## Row equivalent matrices have the same column rank

Let $A$ and $B$ be row equivalent matrices over a field, say by an invertible matrix $P$ such that $PA = B$.

1. Prove that, for all matrices $X$ (such that the dimensions match), $AX = 0$ if and only if $BX = 0$.
2. Prove that any linear dependence satisfied by the columns of $A$ is also satisfied by the columns of $B$.
3. Conclude that $A$ and $B$ have the same column rank.
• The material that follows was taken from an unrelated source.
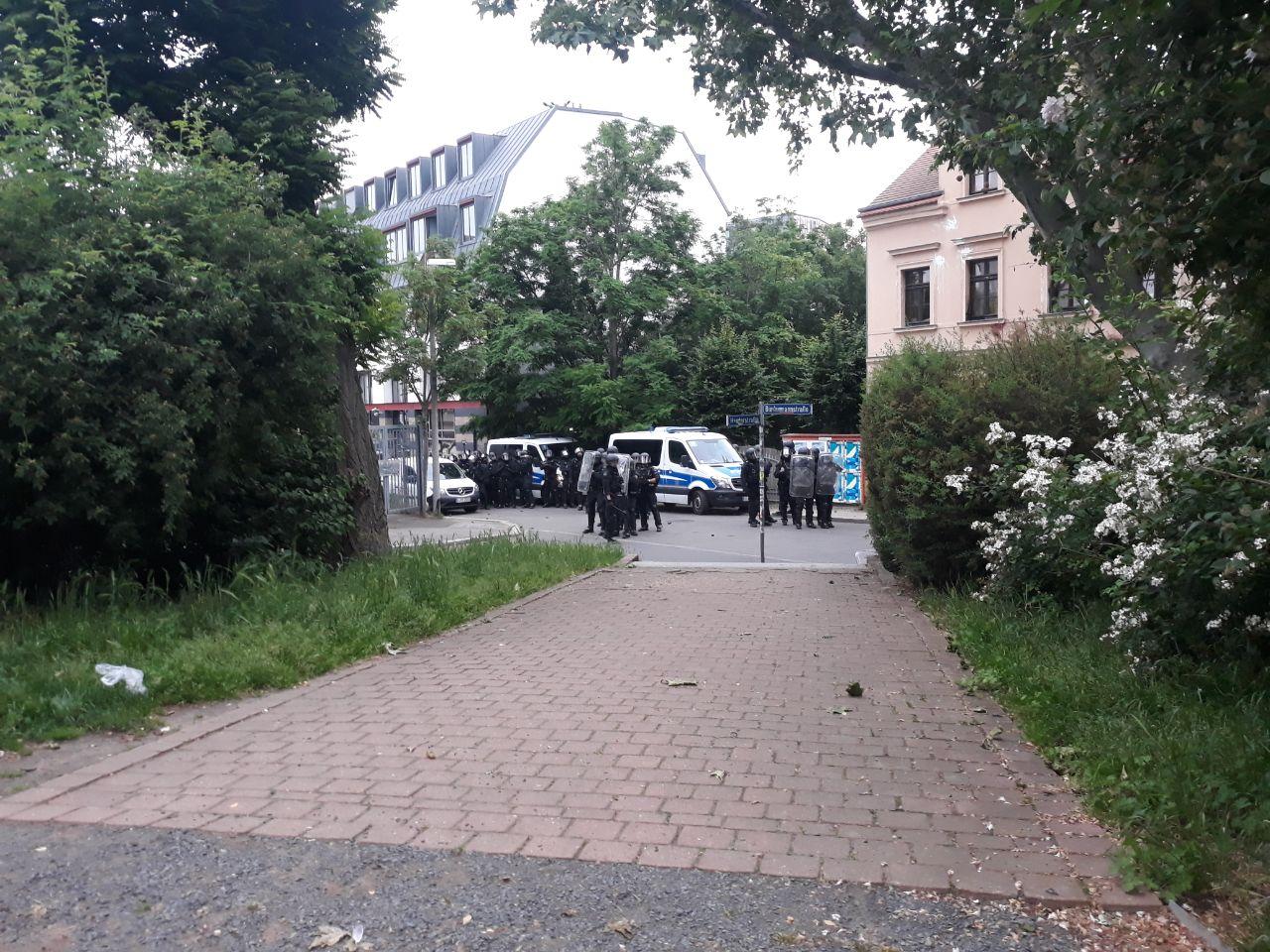 Erst sah es nur nach einer Personalienfeststellung bei vier Personen auf der Meusdorfer Straße aus, nun sind es vermutlich drei Ingewahrsamnahmen geworden. Die Polizei hat mit ihnen sehr wahrscheinlich Richtung Polizeipräsidium an der Dimitroffstraße den Ort bereits verlassen. Genaueres dürfte erst die Polizeimeldung erbringen, die noch am Abend zum heutigen Einsatz erwartet wird. Insgesamt gesehen, verläuft der Abend jedoch bislang weitgehend ruhig. Oder eben ruhiger als erwartet – je nach Erwartungshaltung.
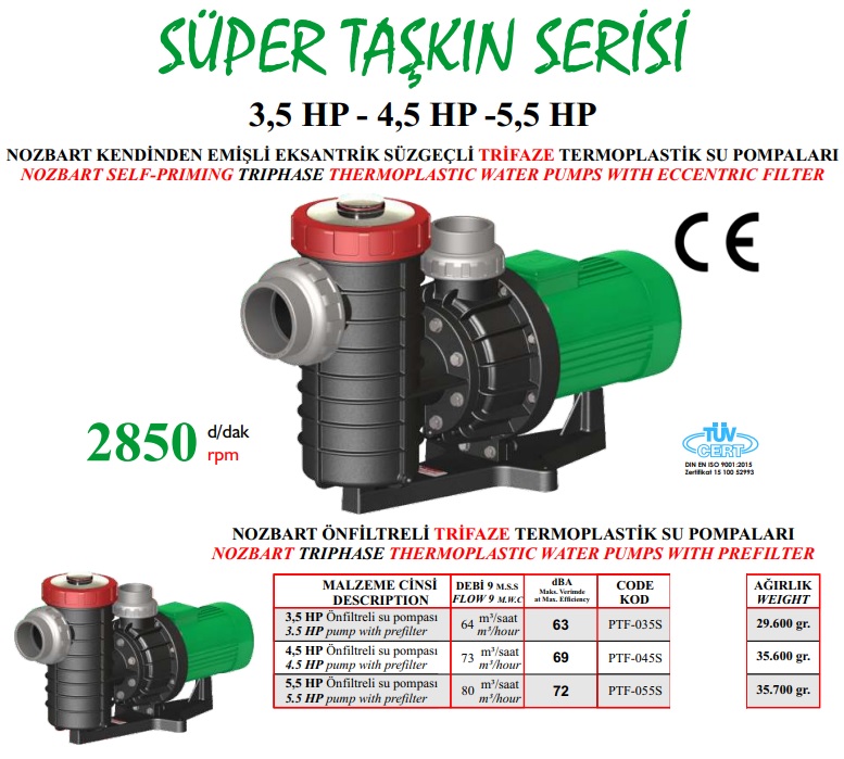 Nozbart Süper Taşkın Serisi 4,5 HP Trifaze Havuz Pompası

1. If $AX = 0$, then $PAX = P0$, so $BX = 0$. Conversely, if $BX = 0$, then $P^{-1}BX = P^{-1}0$, so $AX = 0$.
2. Write $A$ and $B$ as column matrices: $A = [A_1 | \cdots | A_n]$ and $B = [B_1 | \cdots | B_n]$. Note that, since $PA = B$, we have $[PA_1 | \cdots | PA_n] = [B_1 | \cdots | B_n]$. In particular, $PA_i = B_i$ for all $i$. Now suppose $\sum \alpha_i A_i = 0$ is a linear dependence among the columns of $A$. Now apply $P$ (as a linear transformation) to this equation; we have $0 = P(\sum \alpha_i A_i) = \sum \alpha_i PA_i = \sum \alpha_i B_i$. Thus the columns of $B$ satisfy the same linear dependence.
3. Suppose $\{A_i\}_K$ is a maximal linearly independent set of columns of $A$. By part (2), $\{PA_i\}_K = \{B_i\}_K$ is a linearly independent set of columns of $B$. If this set is not maximal, then by part (2) again (using $P^{-1}$) $\{A_i\}_K$ is not maximal, a contradiction. So $\{B_i\}_K$ is a maximal linearly independent set. Since $P$ is injective (as a linear transformation), these sets have the same cardinality. In particular, $A$ and $B$ have the same column rank.